*DATASET SECTION:*

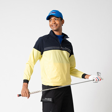 撥水&防水性を備えたタフタ素材を使用したブルゾンとカーゴパンツのコーディネート。インナーシャツはアクセントに鮮やかなブルーを合わせて。軽やかで動きやすく、春のゴルフにオススメのスタイル。
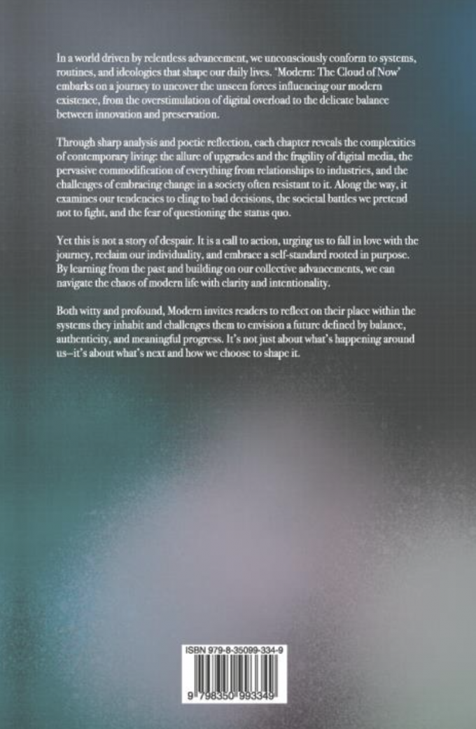 Both witty and profound, Modern invites readers to reflect on their place within the systems they inhabit and challenges them to envision a future defined by balance, authenticity, and meaningful progress. It’s not just about what’s happening around us—it’s about what’s next and how we choose to shape it.
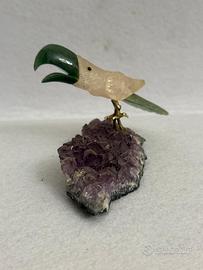 Bellissima statuina in quarzo rosa su ametista. In ottimo stato
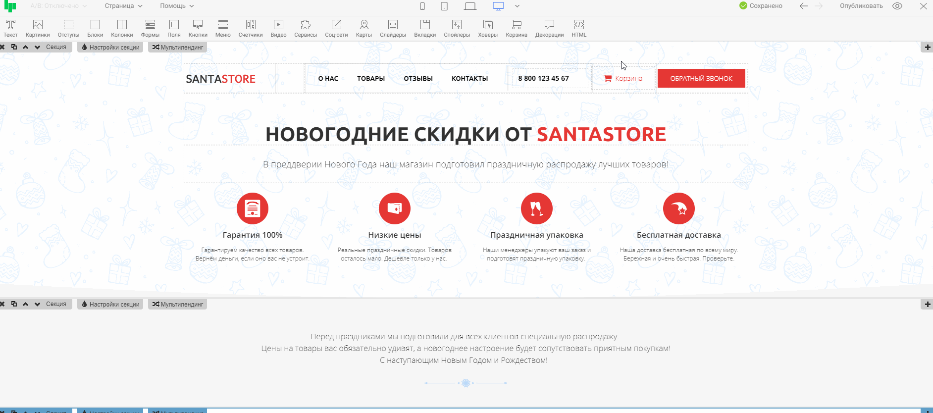 Установленный код будет виден только на опубликованной странице.

*HOW TO COMPLETE THIS TASK:*
Would you transcribe the listing above line by line, exactly, leaving every picture out?

*REPLY:*
 撥水&防水性を備えたタフタ素材を使用したブルゾンとカーゴパンツのコーディネート。インナーシャツはアクセントに鮮やかなブルーを合わせて。軽やかで動きやすく、春のゴルフにオススメのスタイル。
 Both witty and profound, Modern invites readers to reflect on their place within the systems they inhabit and challenges them to envision a future defined by balance, authenticity, and meaningful progress. It’s not just about what’s happening around us—it’s about what’s next and how we choose to shape it.
 Bellissima statuina in quarzo rosa su ametista. In ottimo stato
 Установленный код будет виден только на опубликованной странице.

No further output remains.